◆ **DESCRIPTION OF THE TASK**:
All the data that follows should be repeated exactly, without a single picture.

(MATERIAL PROVIDED)

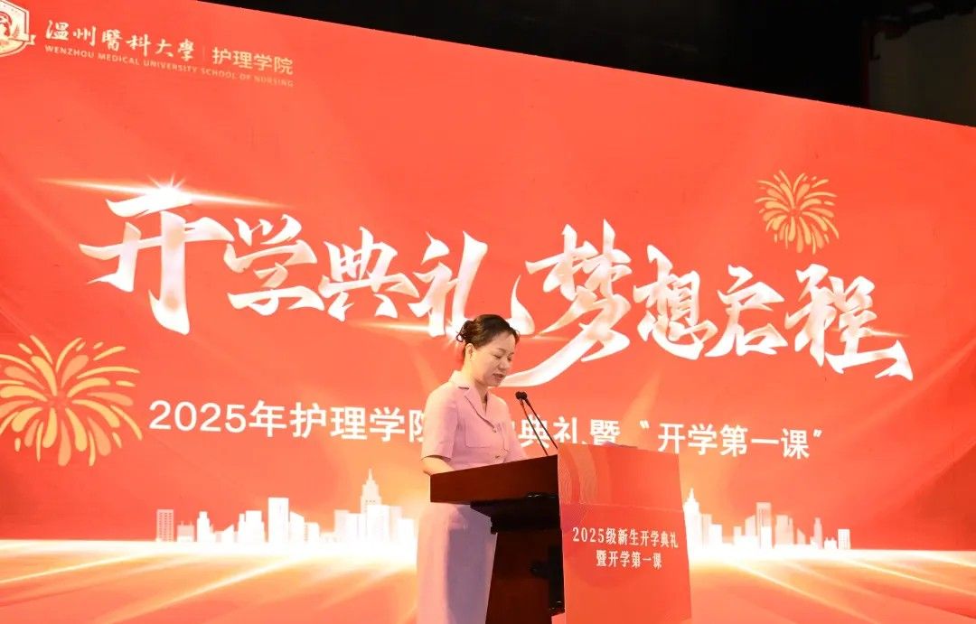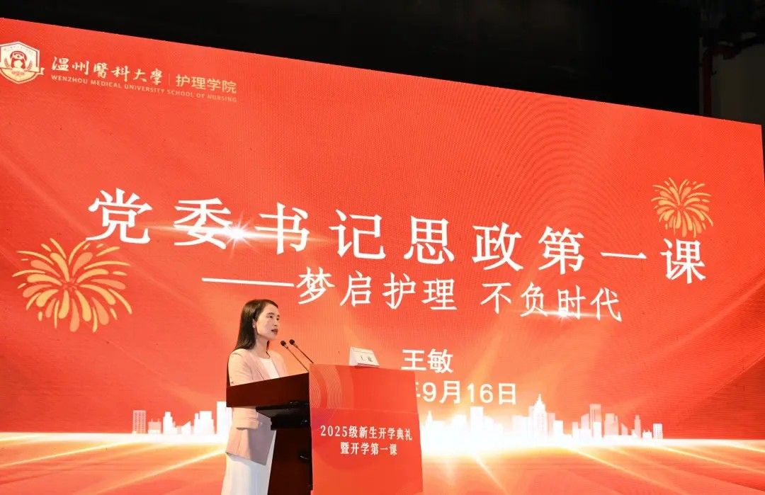 随后,王敏书记面向全体新生开展“梦启护理,不负时代”思政第一课。她从中国人民抗日战争暨世界反法西斯战争胜利80周年纪念大会讲起,带领同学们回顾抗战时期护理工作者奔赴前线救死扶伤的壮举,阐释其中蕴含的爱国情怀与坚韧信念,以及新时代护理人在抗疫等场景中传承精神的责任与担当。她对新生提出三点期望:一是求索致远,做挺膺担当的奋斗者,树立远大理想,增强社会责任感,将个人发展融入健康中国战略。二是求是奋发,做奋力奔跑的“追光者”,夯实专业基础、苦练实践技能、培养创新思维与终身学习能力。三是求仁济世,做生命的守护者,常怀悲悯之心、善沟通、守操守。她勉励同学们秉承“护之以技,理之以道”院训精神,锤炼过硬本领,涵养高尚品格,在推进健康中国建设中谱写更为绚丽的青春篇章。
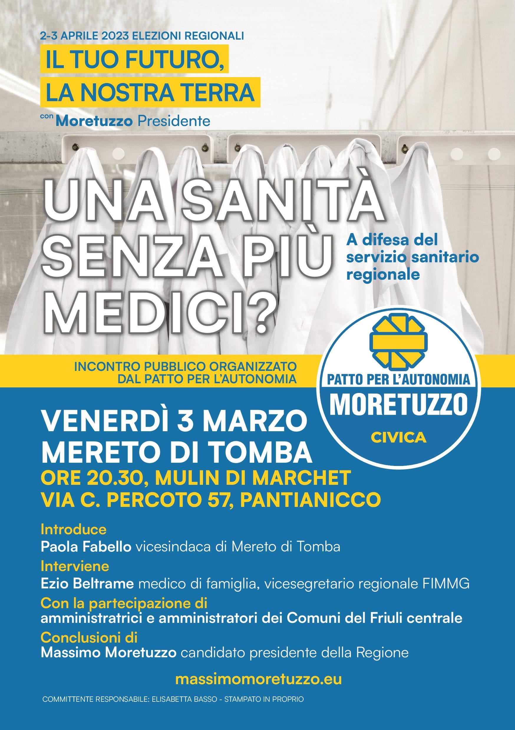 A introdurre la serata sarà Paola Fabello, vicesindaca di Mereto di Tomba. Seguiranno gli interventi di Ezio Beltrame, medico di famiglia e vicesegretario regionale della Fimmg (Federazione italiana medici di medicina generale) e di amministratrici e amministratori dei comuni del Friuli Centrale. Le conclusioni saranno affidate a Massimo Moretuzzo, candidato presidente della Regione. L’incontro sarà dedicato alla grave situazione che stanno vivendo numerosi comuni dell’area del Friuli Centrale a causa della mancanza di medici di famiglia che costringono i cittadini a spostarsi nei comuni limitrofi, con notevole disagio soprattutto per la fascia di popolazione più anziana. Si tratta di una situazione che, attualmente, non trova soluzioni a breve termine, considerando che molti medici di base andranno in pensione nei prossimi anni, rischiando di far crescere le cosiddette zone carenti. Una situazione che porta alcuni cittadini a rimanere senza il riferimento del medico di famiglia, una figura fondamentale per l’assistenza territoriale e un anello di congiunzione importante con le strutture ospedaliere. Nel solo comune di Mereto di Tomba sono 1.300 i cittadini rimasti “orfani” del medico di medicina generale e non è semplice trovare un sostituto. Si tratta, in realtà, di un doppio problema: da una parte i pazienti si trovano privati dell’assistenza di base, dall’altra i medici di famiglia si devono fare carico, seppure temporaneamente, di una quota di assistiti che a volte supera il tetto massimo consentito. Sono criticità a cui va data risposta. Quello della sanità è uno dei principali temi al centro dell’impegno del Patto per l’Autonomia che, nel corso della serata, intende raccogliere le istanze degli amministratori locali e della popolazione.
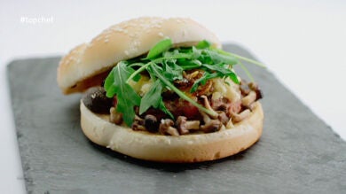 Poner encima la hamburguesa y, sobre ella, el queso de cabra.
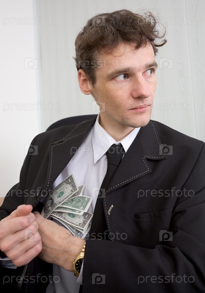 Мужчина в костюме прячет деньги на грудь, оглядываясь вокруг
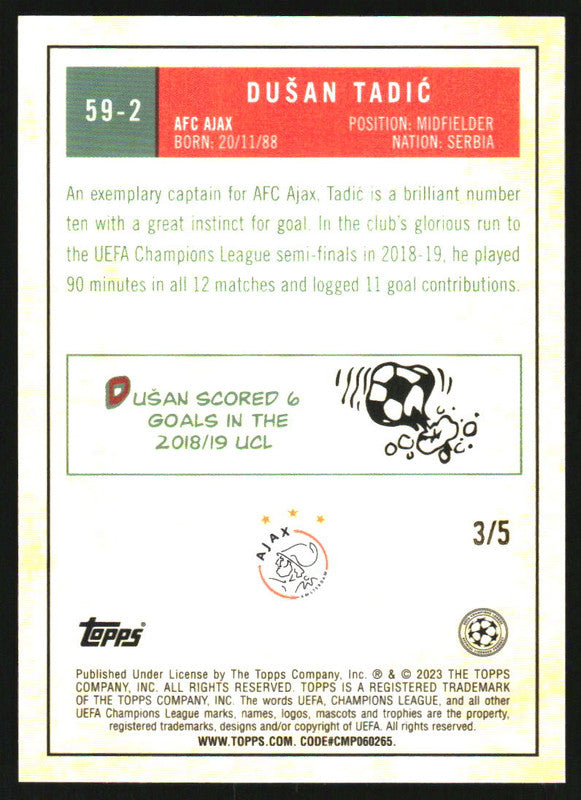 2022-23 Topps UEFA Club Competitions '59 Topps Red #592 Dusan Tadic /5

(End MATERIAL PROVIDED)

◆ **RESPONSE BOX**:
 随后,王敏书记面向全体新生开展“梦启护理,不负时代”思政第一课。她从中国人民抗日战争暨世界反法西斯战争胜利80周年纪念大会讲起,带领同学们回顾抗战时期护理工作者奔赴前线救死扶伤的壮举,阐释其中蕴含的爱国情怀与坚韧信念,以及新时代护理人在抗疫等场景中传承精神的责任与担当。她对新生提出三点期望:一是求索致远,做挺膺担当的奋斗者,树立远大理想,增强社会责任感,将个人发展融入健康中国战略。二是求是奋发,做奋力奔跑的“追光者”,夯实专业基础、苦练实践技能、培养创新思维与终身学习能力。三是求仁济世,做生命的守护者,常怀悲悯之心、善沟通、守操守。她勉励同学们秉承“护之以技,理之以道”院训精神,锤炼过硬本领,涵养高尚品格,在推进健康中国建设中谱写更为绚丽的青春篇章。
 A introdurre la serata sarà Paola Fabello, vicesindaca di Mereto di Tomba. Seguiranno gli interventi di Ezio Beltrame, medico di famiglia e vicesegretario regionale della Fimmg (Federazione italiana medici di medicina generale) e di amministratrici e amministratori dei comuni del Friuli Centrale. Le conclusioni saranno affidate a Massimo Moretuzzo, candidato presidente della Regione. L’incontro sarà dedicato alla grave situazione che stanno vivendo numerosi comuni dell’area del Friuli Centrale a causa della mancanza di medici di famiglia che costringono i cittadini a spostarsi nei comuni limitrofi, con notevole disagio soprattutto per la fascia di popolazione più anziana. Si tratta di una situazione che, attualmente, non trova soluzioni a breve termine, considerando che molti medici di base andranno in pensione nei prossimi anni, rischiando di far crescere le cosiddette zone carenti. Una situazione che porta alcuni cittadini a rimanere senza il riferimento del medico di famiglia, una figura fondamentale per l’assistenza territoriale e un anello di congiunzione importante con le strutture ospedaliere. Nel solo comune di Mereto di Tomba sono 1.300 i cittadini rimasti “orfani” del medico di medicina generale e non è semplice trovare un sostituto. Si tratta, in realtà, di un doppio problema: da una parte i pazienti si trovano privati dell’assistenza di base, dall’altra i medici di famiglia si devono fare carico, seppure temporaneamente, di una quota di assistiti che a volte supera il tetto massimo consentito. Sono criticità a cui va data risposta. Quello della sanità è uno dei principali temi al centro dell’impegno del Patto per l’Autonomia che, nel corso della serata, intende raccogliere le istanze degli amministratori locali e della popolazione.
 Poner encima la hamburguesa y, sobre ella, el queso de cabra.
 Мужчина в костюме прячет деньги на грудь, оглядываясь вокруг
 2022-23 Topps UEFA Club Competitions '59 Topps Red #592 Dusan Tadic /5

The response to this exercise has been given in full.